A graph query language is a programming language designed to retrieve and manipulate data stored in a graph database. The rise in popularity of these databases—across applications in knowledge graphs, biology, and the semantic web—comes from the simple fact that much of the world’s data is naturally interconnected. This means that a lot of data is naturally represented as a graph, where nodes represent entities and edges encode relationships between the entities.
Think of, for example, a social network that encodes who follows who on a social media platform, where these people were born, and where they currently live. Traditional relational query languages, which think of this data as tables, are not designed to make it easy to query connections in the data. Graph query languages care about such connections right from the start.

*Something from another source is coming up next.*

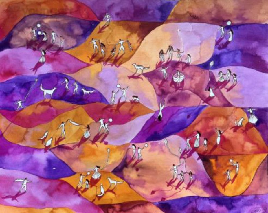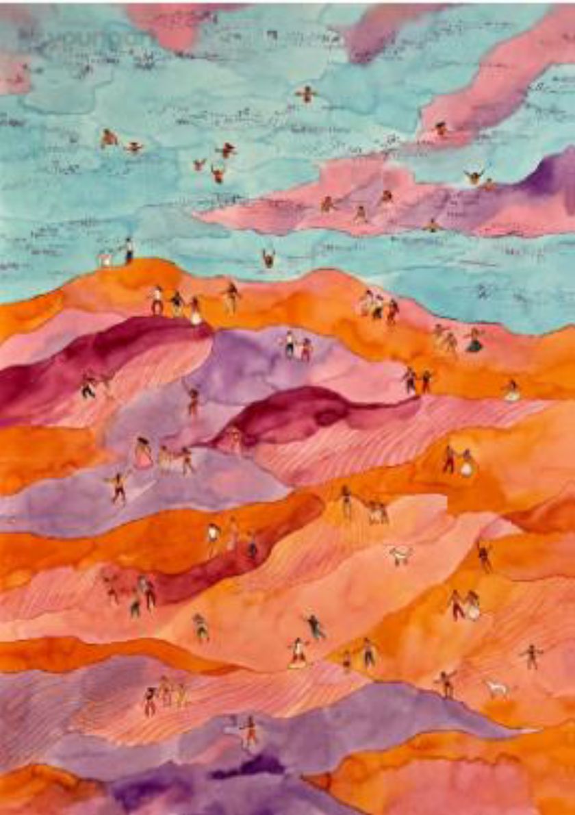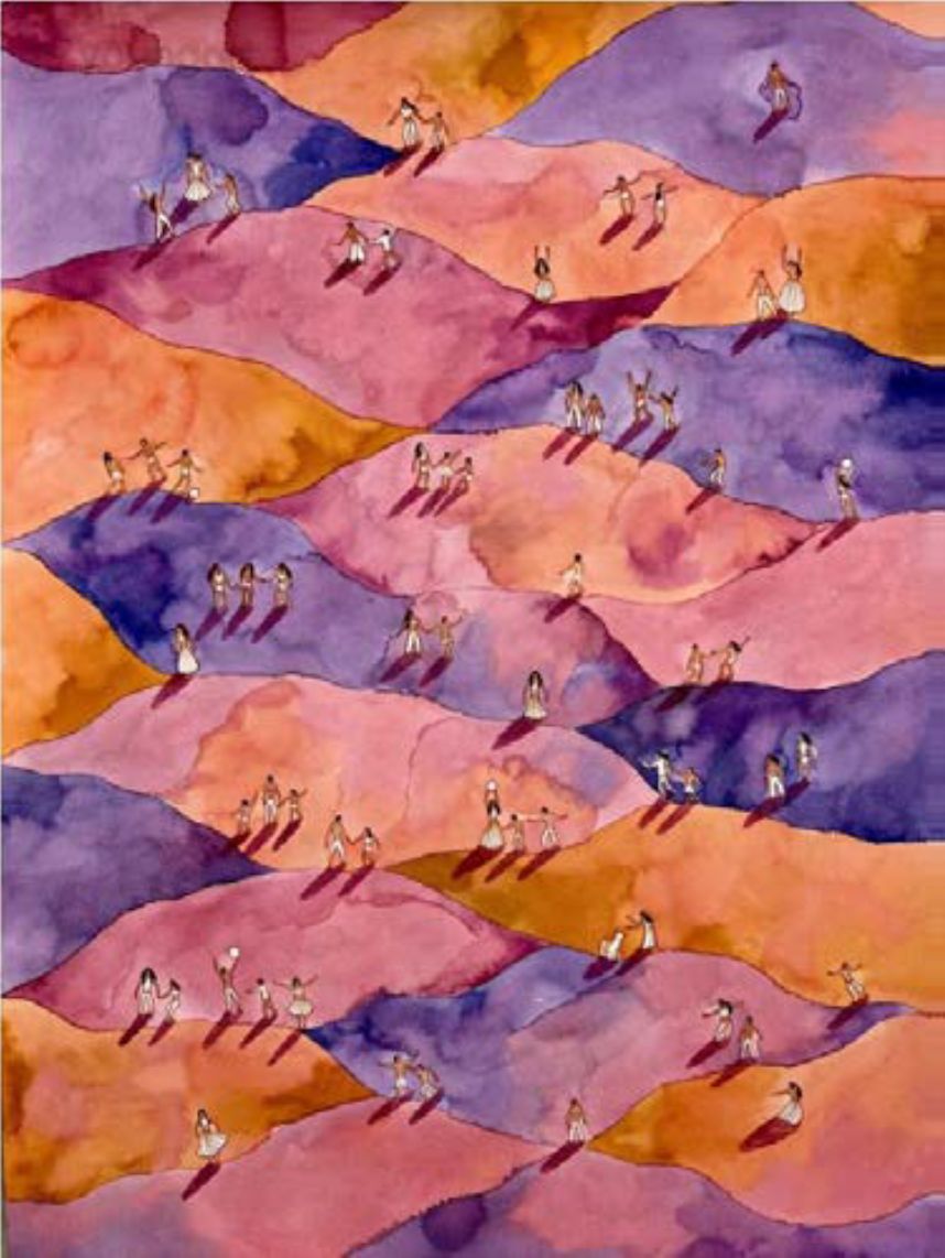 In my work, I explore the shared, eternal rhythm between the natural landscape and human presence. The inhabitants of my paintings - miniature figures arranged in playful formations - embody both the lightness and the solemnity of existence. They swim, dance, and wander, moving in harmony with the colorful rolling hills, the wind-rippled water surfaces, or the clouds of imagination. On the surface, these may appear as ordinary scenes - summer bathing, walks, moments of togetherness - but these simple gestures often become metaphors for inner freedom, belonging, and the experience of happiness. My palette is intuitive yet deliberate: the translucent layers of watercolor and the depth of oil paints evoke the dreamlike beauty of the world. In my compositions, the landscape does not aim for geographical accuracy but rather reflects memories and emotional terrains. Every form follows soft curves, as if it too were part of the movement. The horizon dissolves - there is no above or below, only flow - between colors, people, and experiences. My goal is to invite the viewer to step into this world, even for a moment: to be on the shore among the parasols, in the field with friends, or floating on the water’s surface, where everything is quiet and timeless. These small stories together outline a greater harmony - a return to the childlike perception of joy, where every moment is both play and presence.

They see the data as nodes representing entities (people and cities) and edges encoding relationships (who follows who, who was born where, and who lives where).
A graph database with node identifiers: Sean, Sid, Demi, Pat, Berkeley, Pittsburgh; edge identifiers: e1, e2,..., e9; and edge labels: follows, born, lives.
A major difference between current graph languages and traditional relational languages is that the former make it easy to return flexible-length paths, which is useful in scenarios where you want to trace connections, such as journalists mapping relationships in investigative journalism or analysts tracking funds in fraud investigations. This is a lot harder in some traditional relational languages, where the user must specify multiple joins explicitly and potentially recurse over these.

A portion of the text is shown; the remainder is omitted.